━━━ Dataset entries ━━━

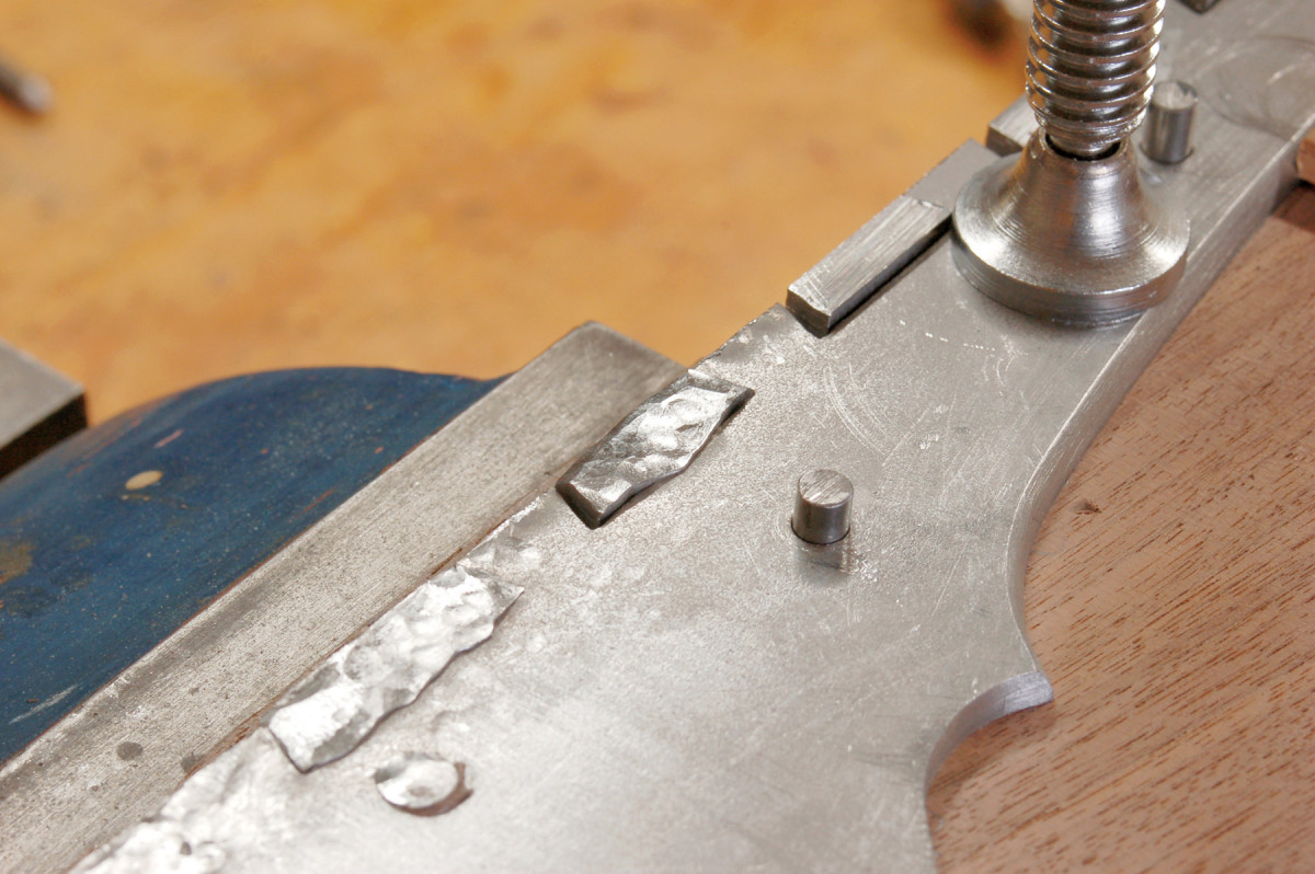 But that’s only part of the story. In wood, dovetails lock a joint in only one direction—glue is required fix the joint in the other direction. Dovetails in metal are engineered to lock the joint in both directions without glue. In fact, the whole business of dovetailing an infill plane shell is based on the fact that cold, hard steel can be made to flow. The pins and dovetails are all cut a bit long, so they protrude when the joint is assembled. In addition, both shoulders of each dovetail are beveled, so gaps appear in the assembled joint. The protruding ends are then beaten into the bevels with a ball peen hammer, to tightly lock each dovetail in both directions. Hammering also fills any tiny gaps left between the sole and the sides.
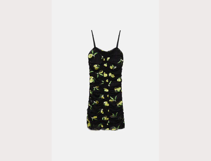 Κοντό φόρεμα με κεντημένα λεμόνια 15,99 ευρώ, zara.com
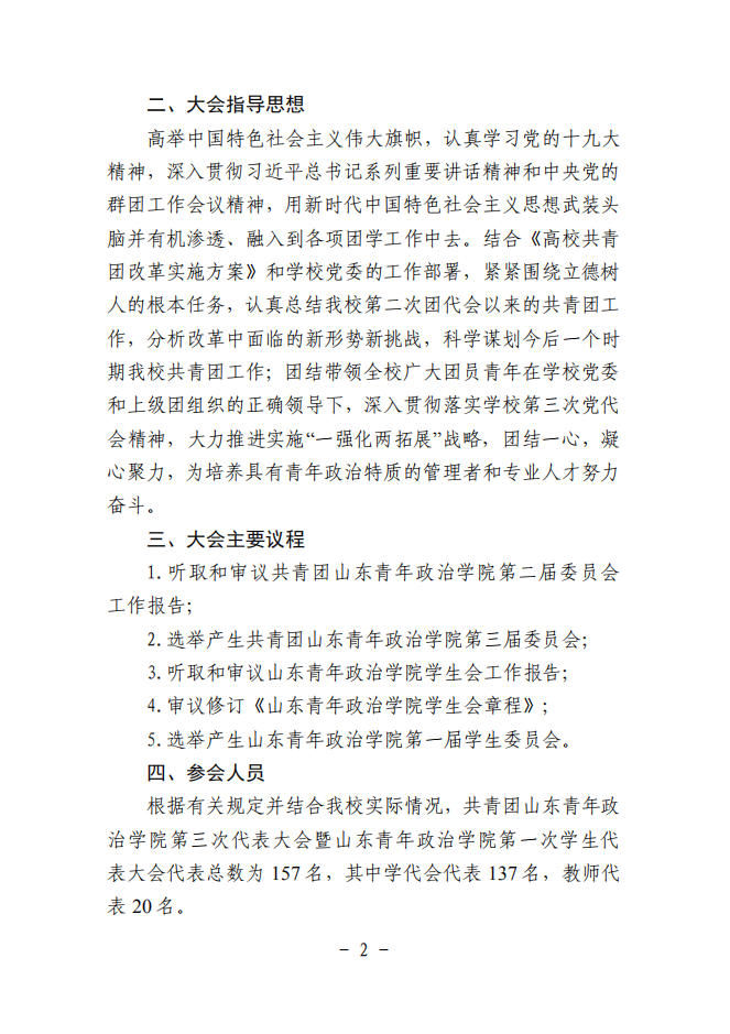 山青院团字〔2018〕36号关于召开共青团山东青年政治学院第三次代表大会暨山东青年政治学院第一次学生代表大会的通知
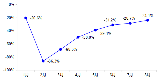 图3 2020年各月中心城市公共交通客运量同比增速变化
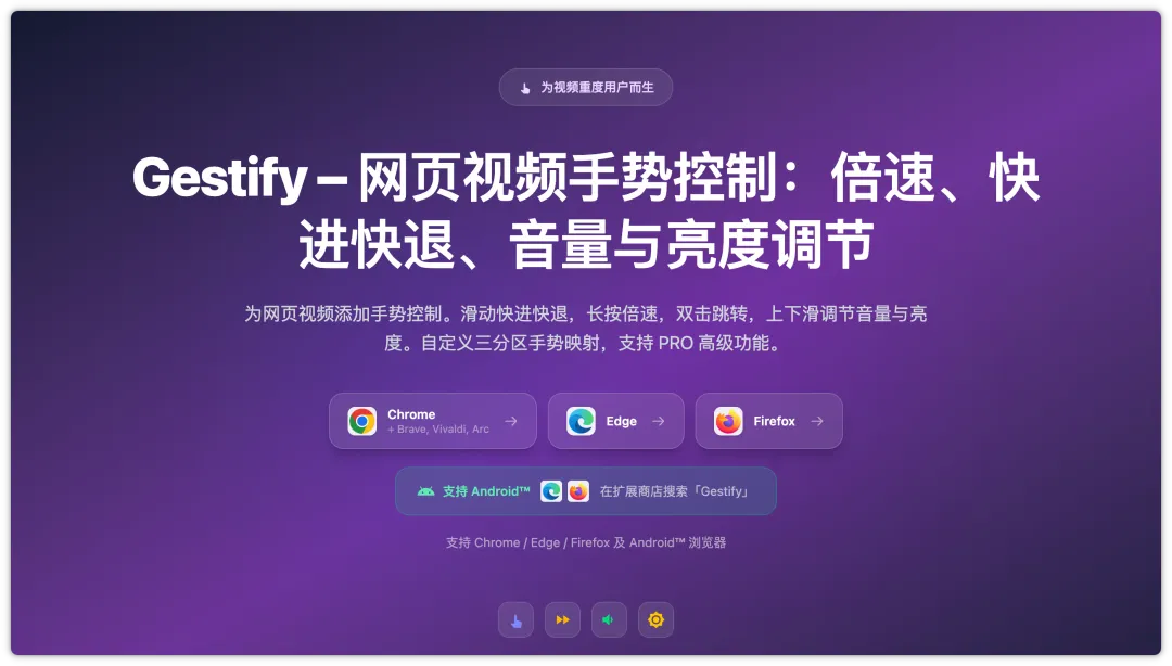 今天给大家分享一款超硬核的浏览器插件,这款插件叫Gestify,一款网页视频助手,装了这款插件之后,你以后浏览任何网页视频的时候就可以为网页视频添加手势控制。支持电脑端和手机端。

━━━

Work to be completed: In the material above, retype exactly the lines that run from the one containing "山青院团字〔2018〕36号" through the last line, and keep out the pictures.

Task output:
 山青院团字〔2018〕36号关于召开共青团山东青年政治学院第三次代表大会暨山东青年政治学院第一次学生代表大会的通知
 图3 2020年各月中心城市公共交通客运量同比增速变化
 今天给大家分享一款超硬核的浏览器插件,这款插件叫Gestify,一款网页视频助手,装了这款插件之后,你以后浏览任何网页视频的时候就可以为网页视频添加手势控制。支持电脑端和手机端。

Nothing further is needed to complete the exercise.